The requirement for a multihoming solution is that security be no
worse than it is today in all situations. Thus, mechanisms that
provide confidentiality, integrity, or authentication today should
continue to provide these properties in a multihomed environment.
3.2. Redirection Attacks Today
This section enumerates some of the redirection attacks that are
possible in today's Internet.
If routing can be compromised, packets for any destination can be
redirected to any location. This can be done by injecting a long
prefix into global routing, thereby causing the longest match
algorithm to deliver packets to the attacker.
Similarly, if DNS can be compromised, and a change can be made to an
advertised resource record to advertise a different IP address for a
hostname, effectively taking over that hostname. More detailed
information about threats relating to DNS are in [DNS-THREATS].
Any system that is along the path from the source to the destination
host can be compromised and used to redirect traffic. Systems may be
added to the best path to accomplish this. Further, even systems
that are on multi-access links that do not provide security can also
be used to redirect traffic off of the normal path. For example, ARP
and ND spoofing can be used to attract all traffic for the legitimate
next hop across an Ethernet.
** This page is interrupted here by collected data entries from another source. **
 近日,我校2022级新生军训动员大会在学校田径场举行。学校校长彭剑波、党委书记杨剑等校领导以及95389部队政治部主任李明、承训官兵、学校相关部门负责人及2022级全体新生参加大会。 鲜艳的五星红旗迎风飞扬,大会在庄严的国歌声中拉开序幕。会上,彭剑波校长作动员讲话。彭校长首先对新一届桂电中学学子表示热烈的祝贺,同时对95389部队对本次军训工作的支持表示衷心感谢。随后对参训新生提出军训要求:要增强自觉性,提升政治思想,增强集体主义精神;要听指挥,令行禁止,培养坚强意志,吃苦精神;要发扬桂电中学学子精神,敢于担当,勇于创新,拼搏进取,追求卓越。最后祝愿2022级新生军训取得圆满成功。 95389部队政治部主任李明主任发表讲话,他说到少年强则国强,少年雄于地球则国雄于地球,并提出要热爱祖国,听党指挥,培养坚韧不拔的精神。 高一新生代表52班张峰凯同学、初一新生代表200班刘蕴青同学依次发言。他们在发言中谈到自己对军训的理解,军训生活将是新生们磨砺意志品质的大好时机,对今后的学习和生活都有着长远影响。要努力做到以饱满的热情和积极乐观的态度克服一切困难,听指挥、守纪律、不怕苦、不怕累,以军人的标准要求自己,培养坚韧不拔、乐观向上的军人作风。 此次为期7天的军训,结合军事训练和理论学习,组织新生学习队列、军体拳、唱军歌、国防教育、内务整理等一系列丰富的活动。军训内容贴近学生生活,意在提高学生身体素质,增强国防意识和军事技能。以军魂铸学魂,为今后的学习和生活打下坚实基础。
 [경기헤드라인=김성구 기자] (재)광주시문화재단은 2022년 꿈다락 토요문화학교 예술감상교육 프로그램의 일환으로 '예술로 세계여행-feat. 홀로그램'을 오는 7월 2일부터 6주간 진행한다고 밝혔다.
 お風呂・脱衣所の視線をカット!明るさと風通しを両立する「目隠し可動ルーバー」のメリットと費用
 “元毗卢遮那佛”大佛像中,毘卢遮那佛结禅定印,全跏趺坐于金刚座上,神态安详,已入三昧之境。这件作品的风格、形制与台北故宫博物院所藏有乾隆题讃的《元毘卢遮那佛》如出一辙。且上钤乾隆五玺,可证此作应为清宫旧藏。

And since the vast majority of
applications rely on DNS lookups, if DNSsec is not deployed, then
attackers that are on the path between the host and the DNS servers
can also cause redirection by modifying the responses from the DNS
servers.
In general the above attacks work only when the attacker is on the
path at the time it is performing the attack. However, in some cases
it is possible for an attacker to create a DoS attack which remains
at least some time after the attacker has moved off the path. An
example of this is an attacker which uses ARP or ND spoofing while on
path to either insert itself or send packets to a black hole (a non-
existent L2 address). After the attacker moves away the ARP/ND
entries will remain in the caches in the neighboring nodes for some
amount of time; a minute or so in the case of ARP. This will result
in packets continuing to be black-holed until ARP entry is flushed.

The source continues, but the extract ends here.